🤖 AI Summary
Pretrained dense models upgraded to Mixture-of-Experts (MoE) architectures often suffer from insufficient expert specialization and low-confidence, poorly discriminative routing—largely due to naive weight replication. To address this, we propose the Dirichlet-Prior Shaping Loss (DPSL), which explicitly regularizes routing probabilities via a Dirichlet prior to jointly optimize expert load balancing and task- or modality-specific specialization—without altering model architecture. Evaluated on Qwen2, Phi3, and Llama3.2 backbones, DPSL achieves state-of-the-art performance on vision-language multimodal benchmarks (e.g., VQAv2, OK-VQA, NLVR2), outperforming existing upcycling and regularization methods. It improves expert differentiation by 23.6% and yields an average accuracy gain of 4.1% across benchmarks.
📝 Abstract
Upcycling pre-trained dense models into sparse Mixture-of-Experts (MoEs) efficiently increases model capacity but often suffers from poor expert specialization due to naive weight replication. Our analysis reveals that upcycled MoEs, even with conventional regularization, exhibit low-confidence, weakly differentiated routing, hindering performance.
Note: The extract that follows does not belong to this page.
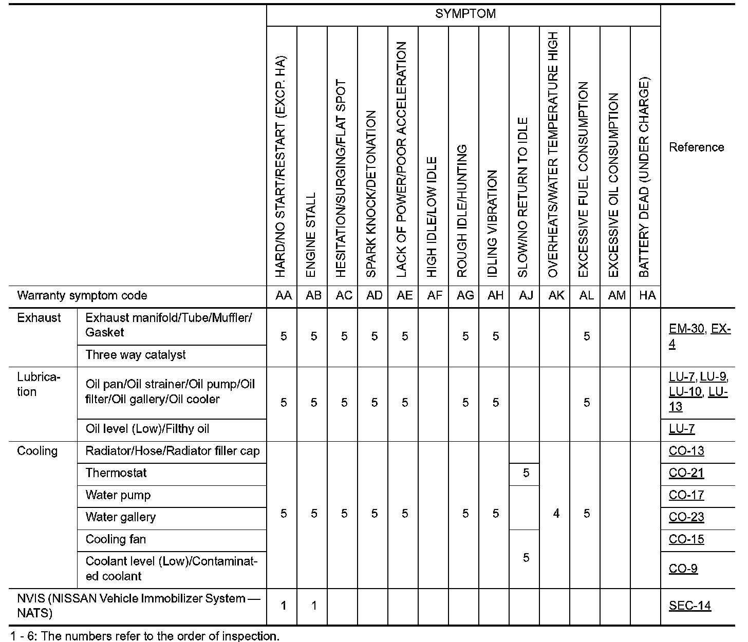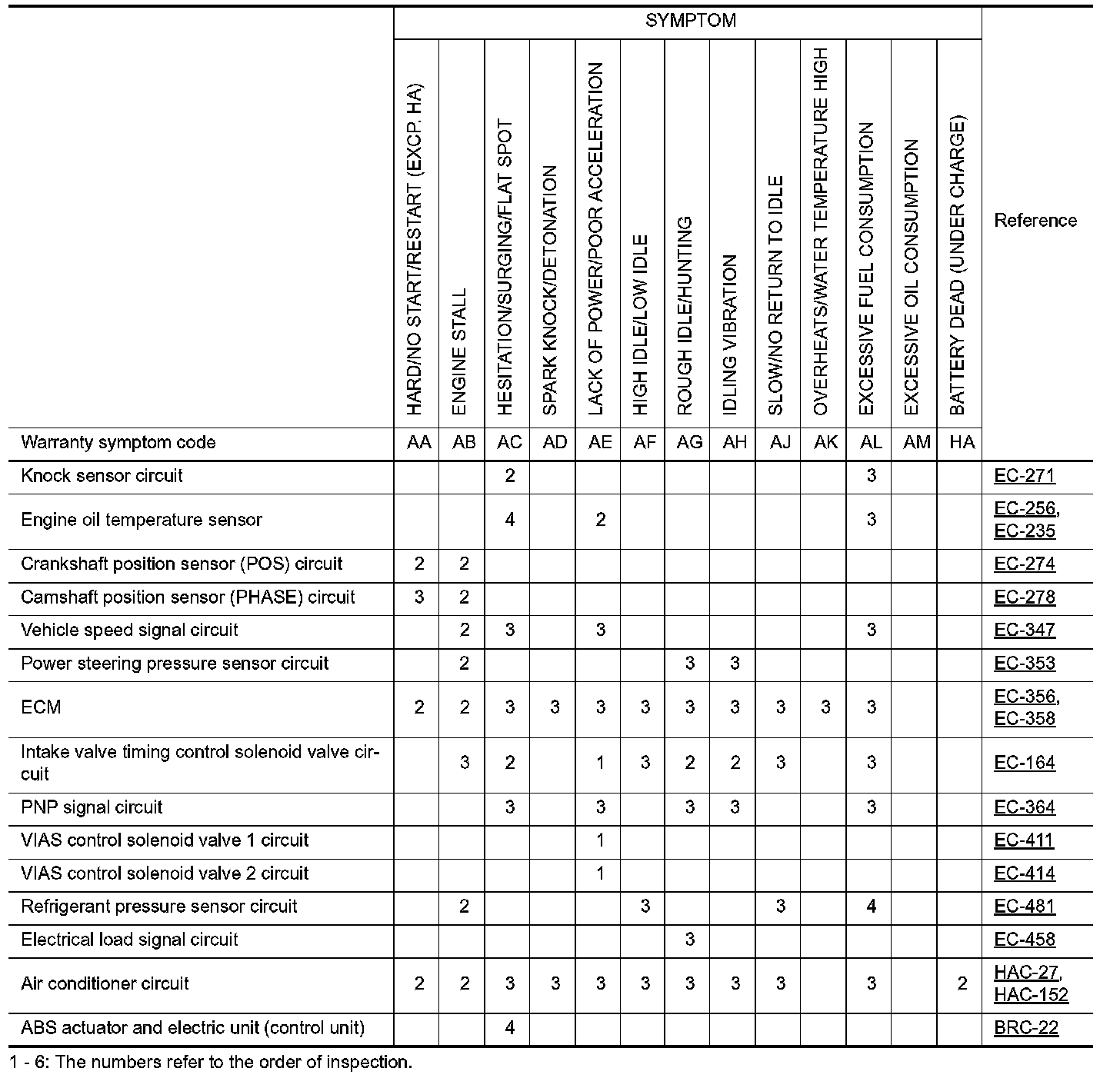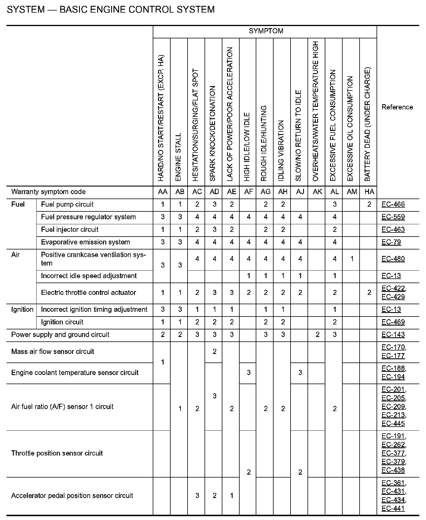ENGINE CONTROL SYSTEM SYMPTOMS

We introduce Dirichlet-Prior Shaping Loss (DPSL), a novel router regularization technique that directly shapes routing probability distributions by matching expert assignments to a target Dirichlet prior. DPSL offers fine-grained control over expert balance and specialization, and enables encoding of inductive biases such as encouraging experts to focus on specific modalities or tasks, without requiring manual intervention; notably, DPSL is a general tool applicable to any module that outputs categorical probability distributions, extending its utility beyond MoE training. Experiments on upcycled MoE vision-language models (with Qwen2, Phi3, Llama3.2 LLM backbones) show DPSL consistently outperforms upcycling strategies and regularization techniques across standard vision-language benchmarks, addressing the critical issue of poor specialization and fostering more adaptive, higher-performing models.